Smelling the Roses (May 24, 2011)

I am highly self-critical. I am not known to give myself a break very often, whether it’s a browbeating for past mistakes and poor decision making, pushing myself to do “more” (exercise, work, writing, cleaning) even when my body and spirit have clearly had enough, or simply honing in repetitively on perceived flaws.

The last seven months have been hellish by any standards: extended unemployment that caused me to question my place (like, if there was one) in the working world, fissure in a marriage to the man I still (and may always) consider the love of my life, and most recently, a battle with stage 2A cervical cancer. So clearly, if one is judgmentally introspective by nature, life has handed me a veritable buffet of reasons to feel like a loser.

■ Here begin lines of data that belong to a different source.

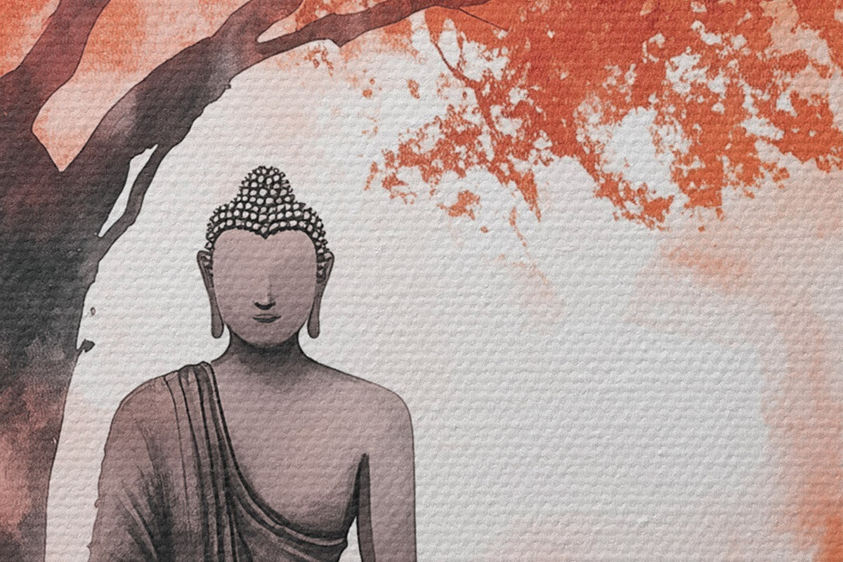 Nuotrauka Buda sėdi po medžiu, meditacija, dvasinis, oranžinės spalvos Nr r44512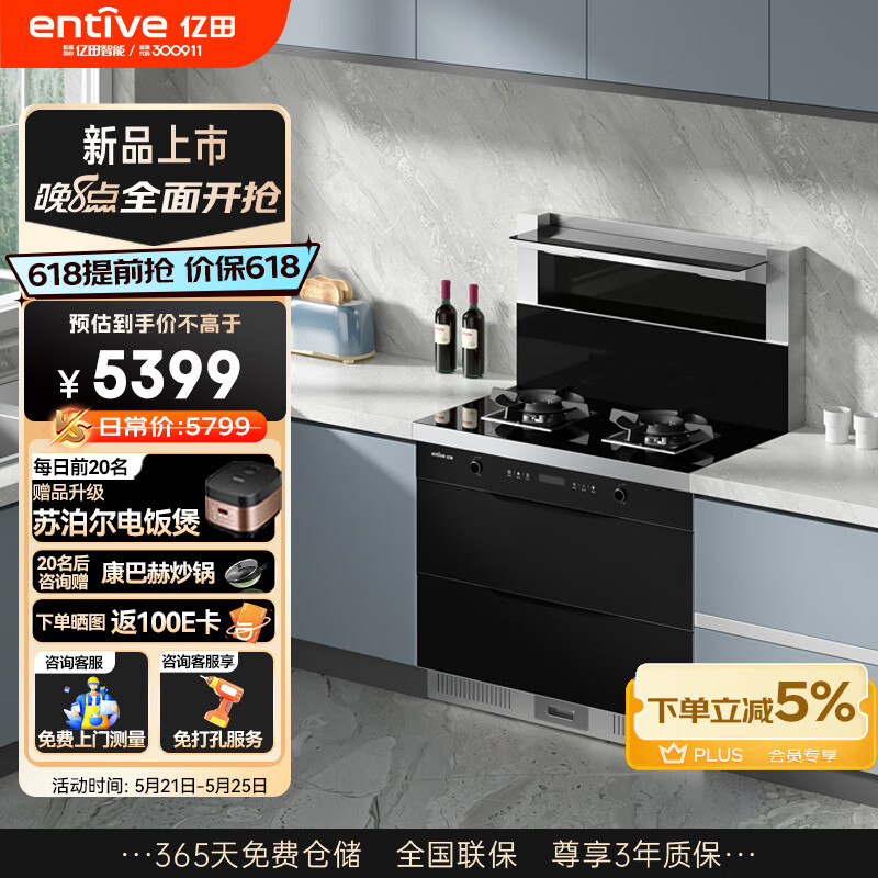 亿田(entive)集成灶消毒柜一体 侧吸式 二消毒柜 JJZY-J01X-C左排液化气价格:5899.00元!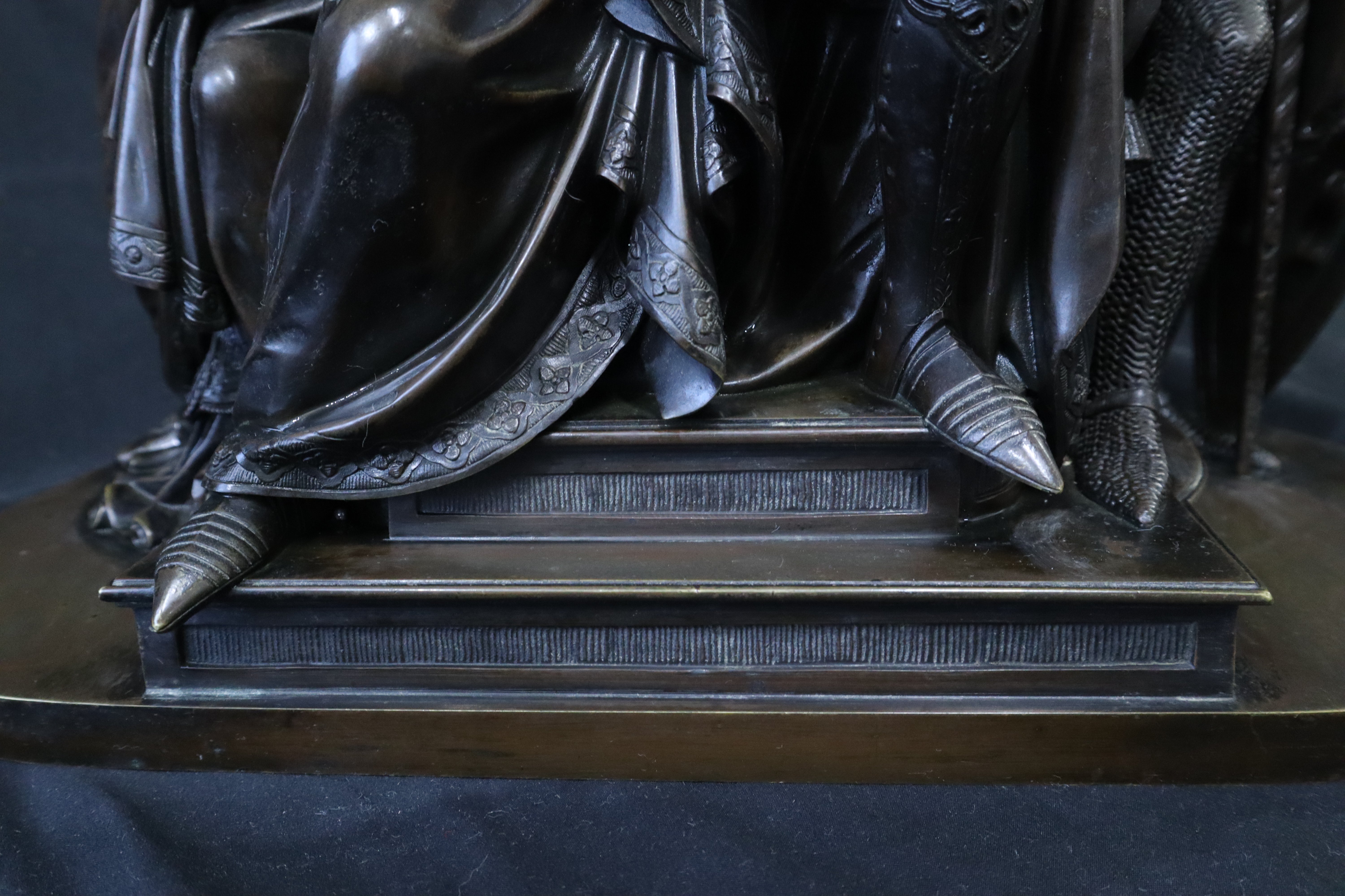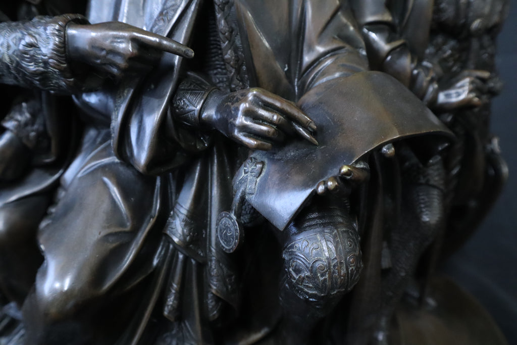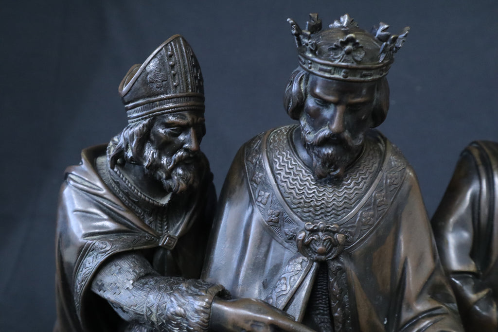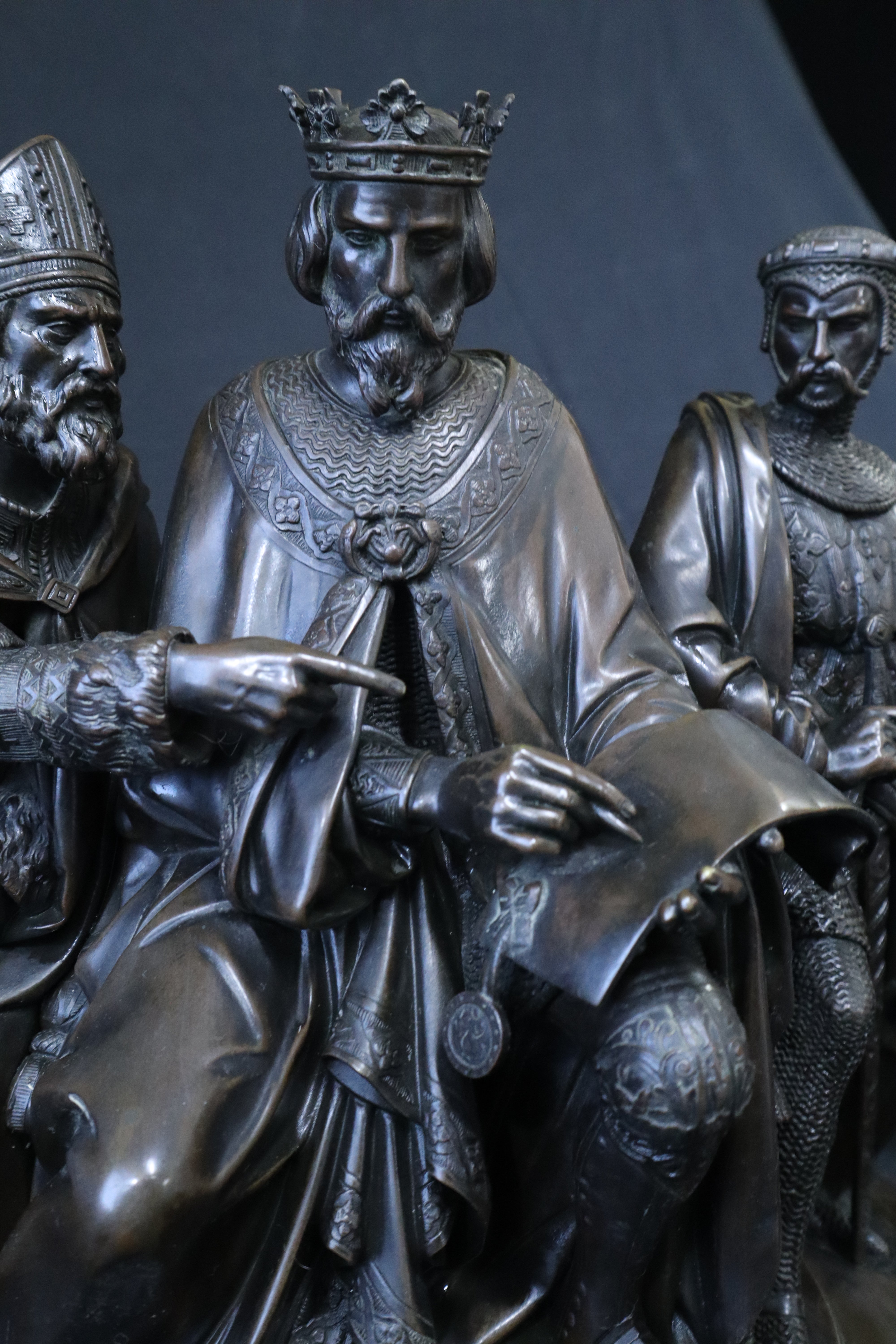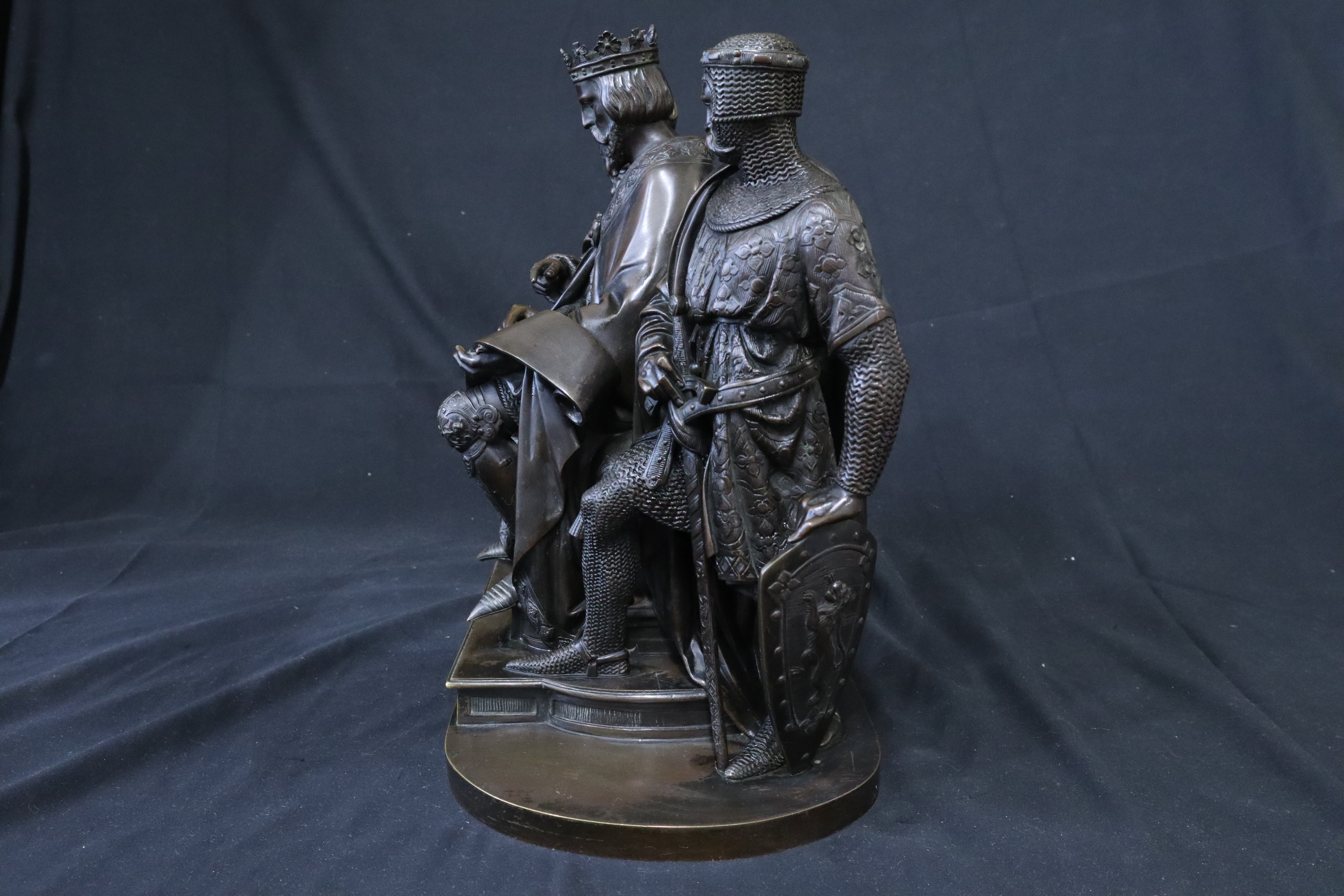 Gorgeous "The signing of the Magna Carta" bronze with dark patina sculpture by famous French sculptor François Theodore Devaulx (1808-1870). Devaulx was known for extremely lifelike and expressive bronzes of figures, specializing in works of figurative fiction and historical moments. This work is number 3376 on the back and engraved on the inside with the sequence 540-03-7967.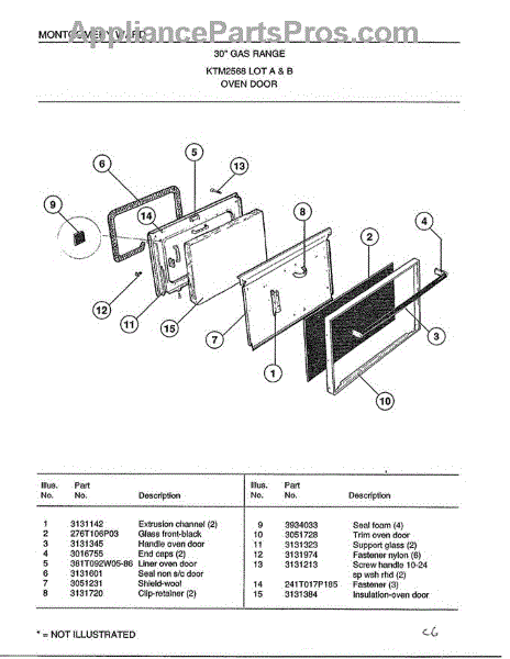 Parts for Frigidaire 2568A: 30" Gas Range / Oven Door Parts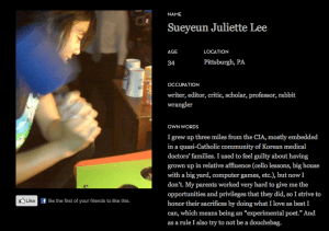 Hey All! I wrote a piece (Brainard-esque) about my experiences as an Korean American — it’s the sort of writing people don’t see often from me, but I thought it would be great to contribute and be a part of this resource. If you have some time today, please check it out. (Click image below).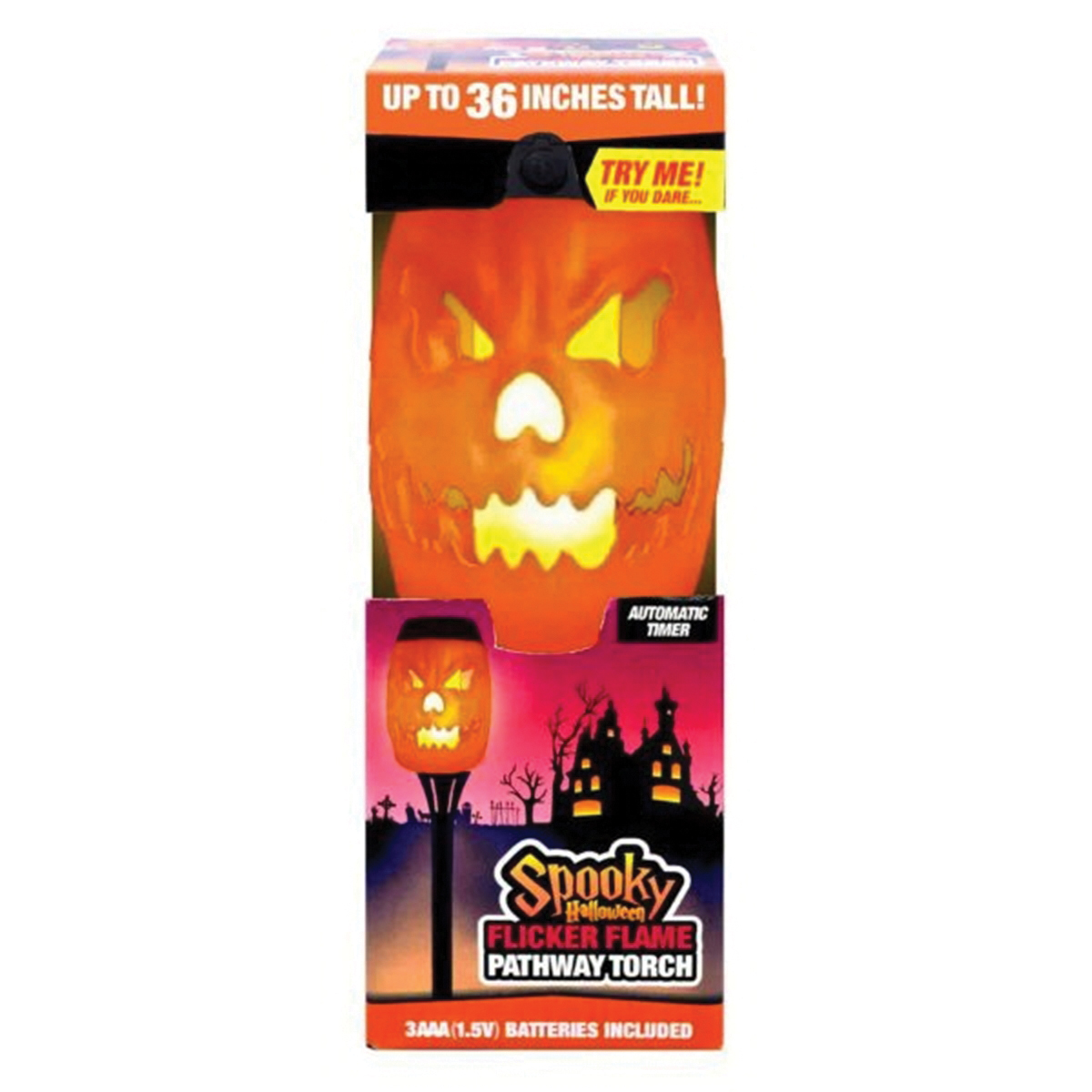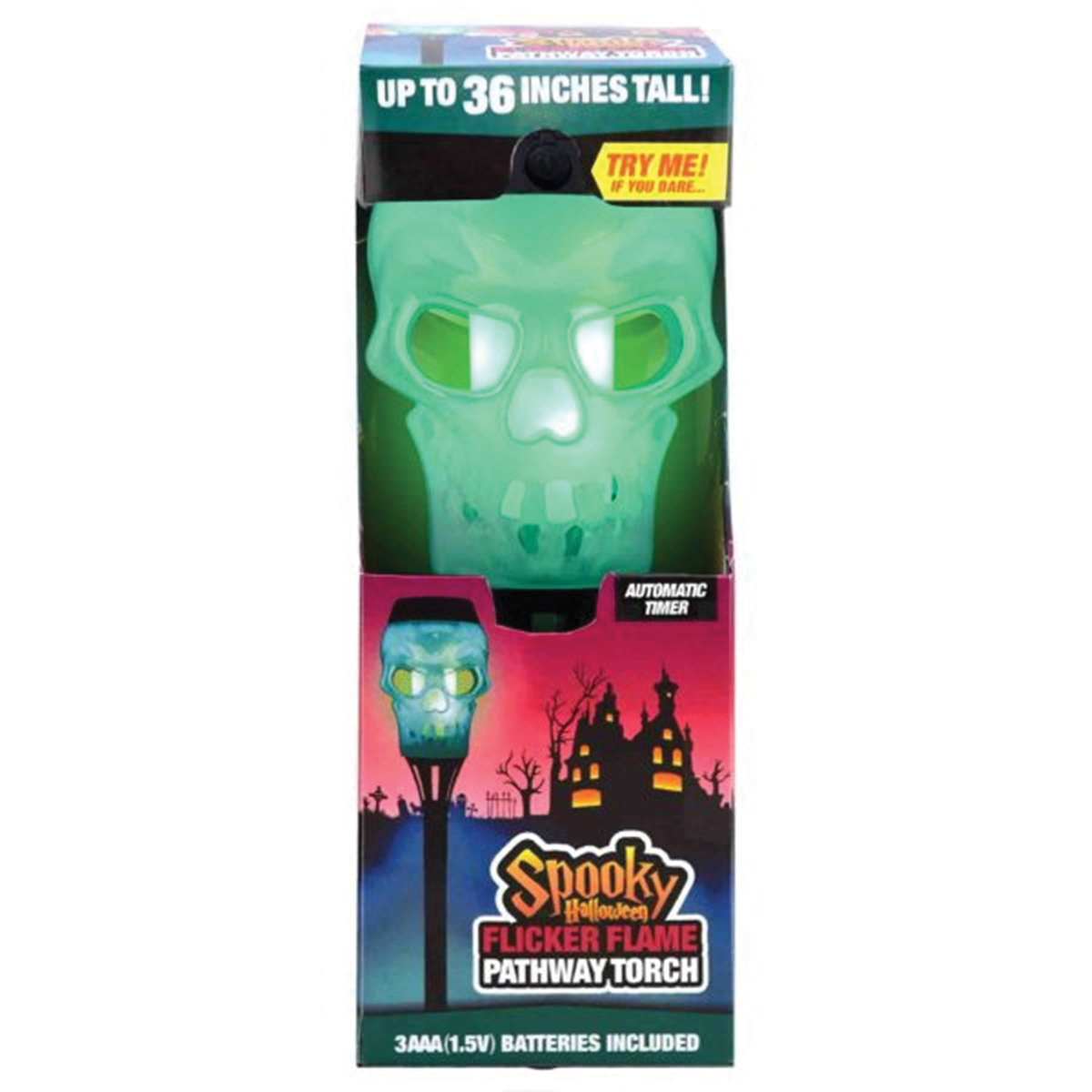 Includes    :    Jack o Lantern, Ghost, Skull Styles Torches, Joint, Stake, (3) AAA Batteries and (2) Poles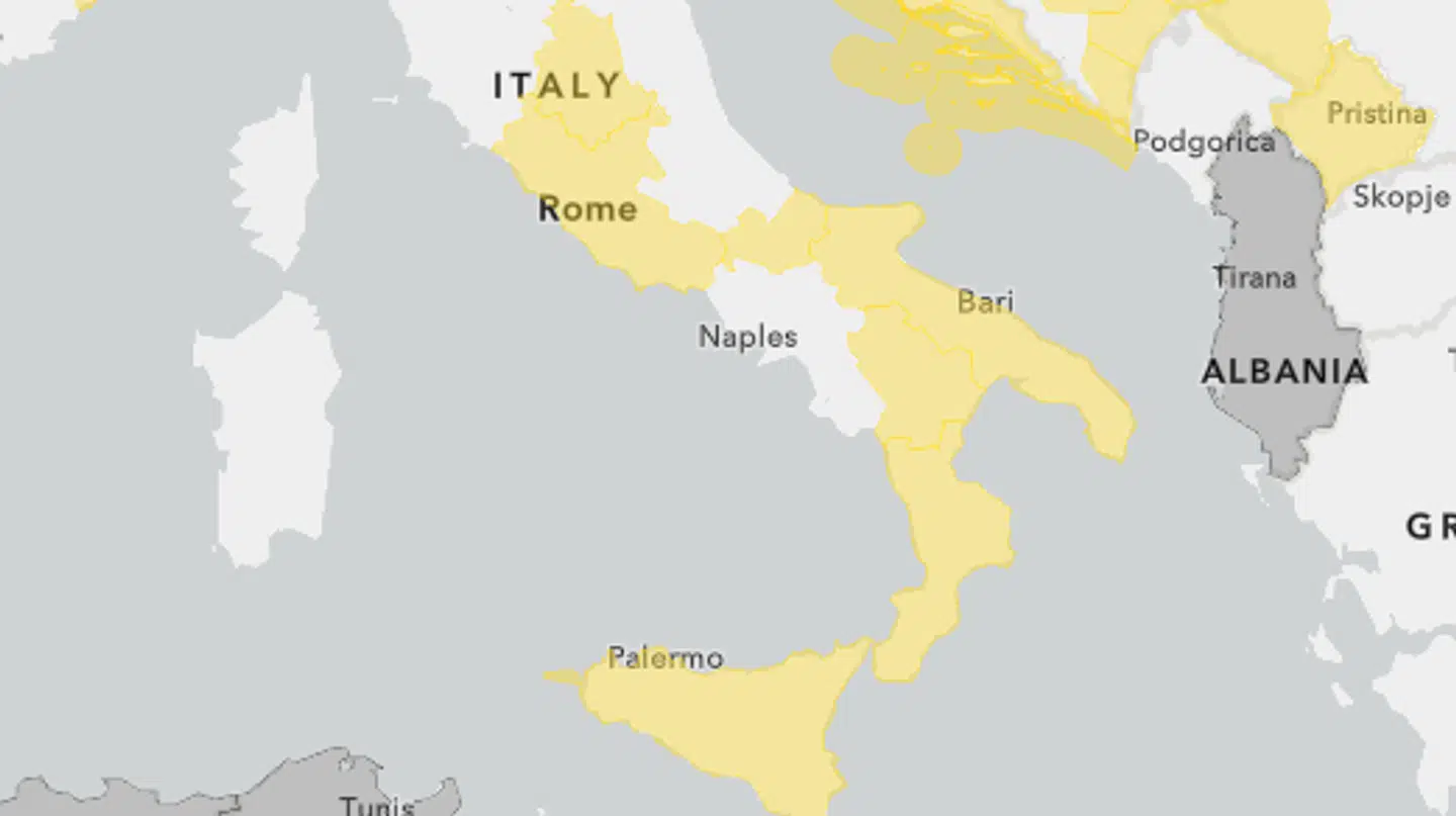 Det gælder hele området omkring Rom samt Bari og Sicilien.

I have written about the need to develop new pathways for myself, because at nearly 33 years of age, one thing is clear: the grief I give myself hasn’t amounted to to any sort of spiritual epiphany or life fulfillment. If anything I’m beginning to consider that my own unforgiving navel gazing (this blog bears the title with good reason), has not been a tool for healthy ruminating and moving myself forward, but rather an overly self-conscious roadblock that has led me to make “safe” decisions that instead blow up into explosive peccadilloes. I have been too afraid to follow my “inner voice,” which I am learning a lot about from an unusual authority – star publicist to the fashion world Kelly Cutrone.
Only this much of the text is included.